Central NHS organisations are rebooting attempts to improve communication between emergency departments and GPs, with the ‘perpetual winter’ crisis now affecting the NHS spurring new efforts.
NHS Digital has commissioned the Professional Record Standards Body, in partnership with the Royal College of Physicians, to develop standards for e-discharge summaries from emergency departments to GPs.
Standards should be finalised by the end of the year. Although they probably won’t be used in hospitals until at least October next year, those involved in the project say it is being given additional impetus by the pressing need for more information on the pressures on hospitals.
The move also comes as many emergency departments continue to send GPs faxed or hand written paper discharge summaries, with patchy coding and legibility.
“I receive little yellow letters often written in a scrawl in a great hurry,” John Williams, a GP involved in the standards as clinical advisor at the Royal College of General Practitioners, told Digital Health News. “If it’s just readable, it will be a huge step forward.”

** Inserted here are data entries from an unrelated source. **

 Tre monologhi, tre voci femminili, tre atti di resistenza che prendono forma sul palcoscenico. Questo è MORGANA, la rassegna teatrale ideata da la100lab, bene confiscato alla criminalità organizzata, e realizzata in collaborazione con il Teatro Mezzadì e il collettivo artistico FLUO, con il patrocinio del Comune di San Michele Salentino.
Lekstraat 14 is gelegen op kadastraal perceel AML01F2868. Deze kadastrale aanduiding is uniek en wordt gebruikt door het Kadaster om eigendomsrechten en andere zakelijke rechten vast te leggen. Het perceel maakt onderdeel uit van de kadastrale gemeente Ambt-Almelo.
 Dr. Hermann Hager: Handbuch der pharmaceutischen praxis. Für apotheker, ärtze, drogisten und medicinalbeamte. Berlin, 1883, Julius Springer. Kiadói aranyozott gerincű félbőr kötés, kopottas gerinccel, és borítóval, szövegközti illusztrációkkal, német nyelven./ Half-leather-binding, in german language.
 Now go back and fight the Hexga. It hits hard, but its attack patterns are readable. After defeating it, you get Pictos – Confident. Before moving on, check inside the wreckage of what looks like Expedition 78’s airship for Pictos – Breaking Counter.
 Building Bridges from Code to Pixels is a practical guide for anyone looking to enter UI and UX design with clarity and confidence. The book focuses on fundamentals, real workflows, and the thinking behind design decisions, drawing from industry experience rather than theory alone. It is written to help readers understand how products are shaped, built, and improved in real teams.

Discharge summaries have been a long-standing area for NHS IT effort. Trusts were set a target to get discharge summaries to GPs within 48 hours almost a decade ago, and regulatory bodies have frequently criticised the content of the summaries sent.

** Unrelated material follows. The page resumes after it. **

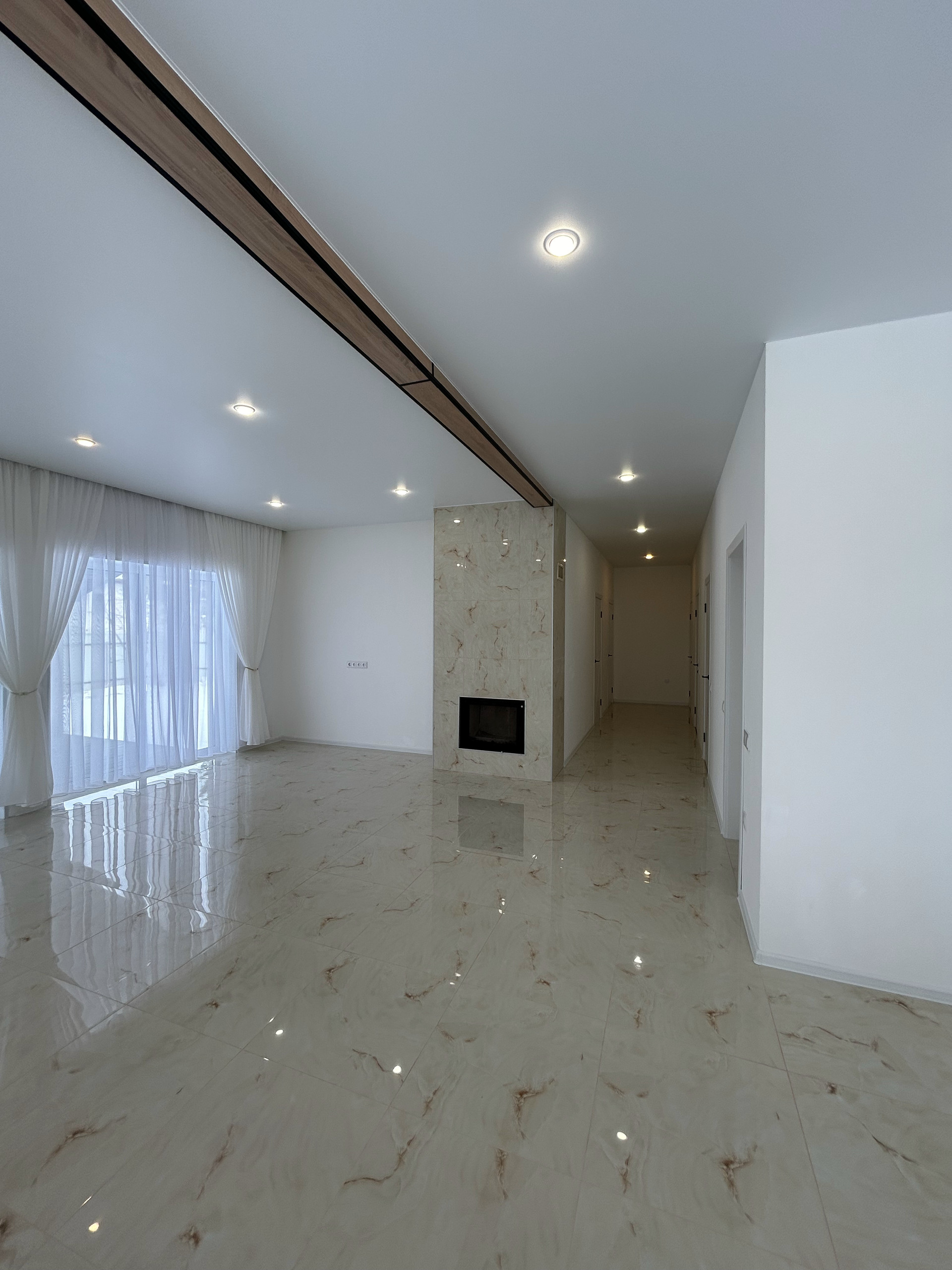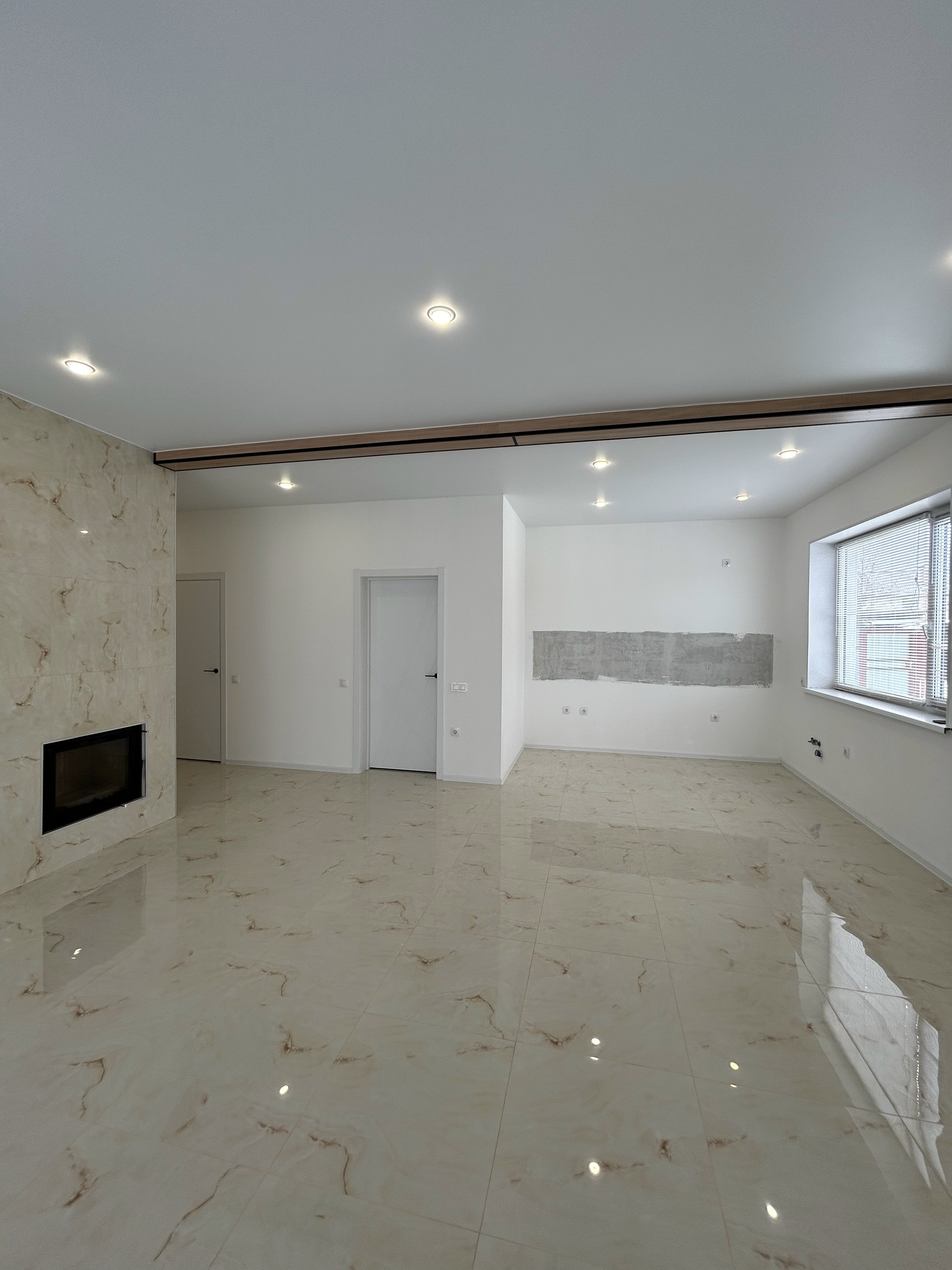просторная кухня-гостиная с камином и выходом на крытую террасу.,

Trusts have been legally required to send electronic discharge summaries to GPs and social care organisations since October last year.
Guidance from NHS England on that target said that letters and fax would no longer be acceptable, and that while emails with attachments would count, these should be phased out over time.

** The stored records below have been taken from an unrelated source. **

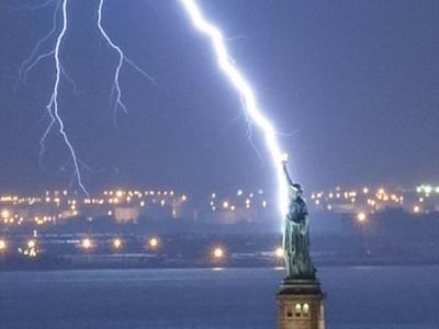 杰伊·菲恩拍下这张闪电击中纽约港自由女神像的照片 这个标志性的纽约纪念碑由...
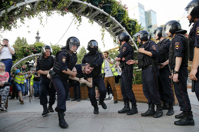 Russian police rounded up more than 1,000 people in Moscow on Saturday in one of the biggest crackdowns of recent time decrying President Vladimir Putin’s tight grip on power.
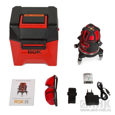 Комплект поставки: лазерный уровень RGK LP-61, кейс, ремень, аккумуляторные батареи, зу для аккумуляторных батарей, очки, инструкция.
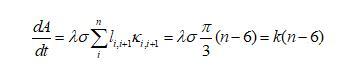 下面我們推導(dǎo)二維泡沫的演變方程,由于任一氣泡跟周圍氣泡的氣體交換都是通過氣泡邊界進(jìn)行的,則氣泡體積(二維氣泡用面積表示)隨時(shí)間的變化率跟邊界長(zhǎng)度和邊界上的壓強(qiáng)差都有關(guān)系,可以表示為
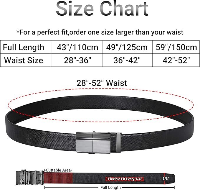 - Cadeau Homme: Livrée avec un joli emballage cadeau, les ceintures homme correspondra à presque toutes les occasions et tenues, ce qui en fait un cadeau idéal pour homme. Pour éviter des tailles inutiles ou trop courtes, choisissez une taille plus grande pour un ajustement facile

Despite this, one indicator derived from NHS England’s digital maturity assessment earlier this year showed that about a third of acute trusts are still not sending discharge notices electronically.
From next month, acute trusts will also be required to use standard clinical headings in electronic discharge summaries sent to GPs.
An NHS England spokeswoman told Digital Health News this week neither the uptake of e-discharges to GPs or the use of standard clinical heading are monitored nationally. “It would be for commissioners to monitor locally.”
Tom Hughes, involved as clinical lead at the Royal College of Emergency Medicine, said the colleges had been involved in the standards project for the past 18 months, but it had gathered pace recently amid renewed interest from the centre.
“In the last couple of months NHS England have really got into this. Fairly senior people have said they don’t want to go through another winter not knowing what will happen on the frontline.”
However, the speed at which the standards can be rolled out is reliant on another project, the Emergency Care Dataset. That project, which is meant to standardise and modernise data collection across NHS emergency departments, is not expected to be used till at least October next year.
Darren Wooldridge, health informatics project manager at Royal College of Physicians, said the standards will create a structured set of fields that clinicians should be able to fill out electronically and transfer to GPs’ systems.
Among other fields, these would include the patient’s chief complaint, the presentation acuity and the discharge diagnosis.
It would also track whether a patient was provided with a copy of their discharge letter, hopefully building in another safety net to ensure important clinical information is passed to GPs.
The e-discharges to GPs are part of a wider effort to standardise and structure communications across health care settings.
In July 2015, a Professional Records Standards Body survey found that “urgent improvements” were needed to discharge summaries and referrals.
Delayed, incomplete and illegibility information was creating difficulties for medical reconciliation, with discharges and referrals from emergency departments to GPs identified as “by far the highest priorities”.